Journal ID (nlm-ta): Innovative Publication

Journal ID (publisher-id): Innovative Publication

Journal ID (journal_submission_guidelines): https://www.innovativepublication.com/journal/PJMS

Title: Panacea Journal of Medical Sciences

ISSN: 2348-7682

Article Information

Date received: 7 April 2024

Date accepted: 20 May 2024

Publication date: 21 December 2024

Volume: 14

Issue: 3

Page: 654

DOI: 10.18231/j.pjms.2024.116

Antenatal screening for β thalassemia with mutation analysis in a tertiary care centre of Eastern India

[https://orcid.org/0000-0002-7374-3732] Pratyush Datta[1]

Designation:

Senior Resident

[https://orcid.org/0000-0003-0034-2679] Bijita Dutta[2]

Email: bijitadutta123@gmail.com

Designation:

Assistant Professor

[] Md Abdullah[1]

Designation:

Post Graduate Trainee

[https://orcid.org/0000-0002-1127-6024] Jayati Chakraborty[1]

Designation:

Professor

Dept. of Pathology, ESIPGIMSR Maniktala, Kolkata, West Bengal India

Dept. of Pathology, ESIPGIMSR, ESIC Medical College and Hospital Joka, Kolkata, West Bengal India

Abstract

Introduction: β-thalassemia poses a major public health problem in India. Reverse hybridization StripAssay® method is reported to be rapid, simple, reproducible and less expensive.

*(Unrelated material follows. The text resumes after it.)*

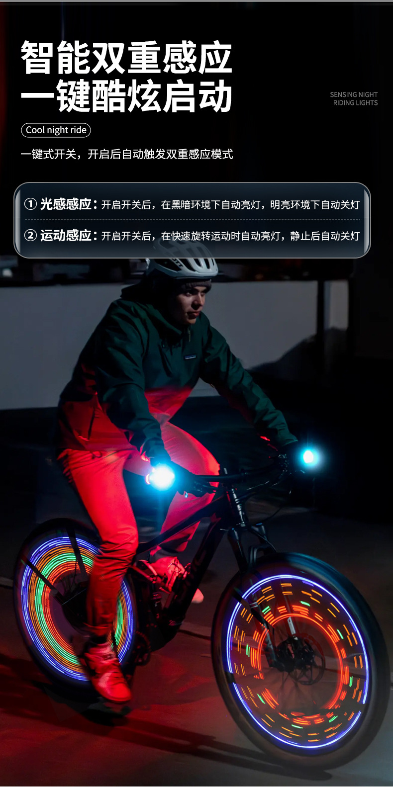 - Smart Sensor-Activated Design: Equipped with dual sensors for automatic light activation as night falls and when riding, providing hassle-free operation and energy efficiency.

Aim: The aim of the study was to detect occurrence of β-thalassemia carriers among the ante-natal mothers by Hb HPLC followed by detection of β-thalassemia mutations in antenatal mothers with β-thalassemia carrier state as well as borderline HbA2 value. The second step of this study was detection of β- thalassemia mutations in husbands of antenatal mothers who are β-thalassemia carriers as detected by Hb HPLC.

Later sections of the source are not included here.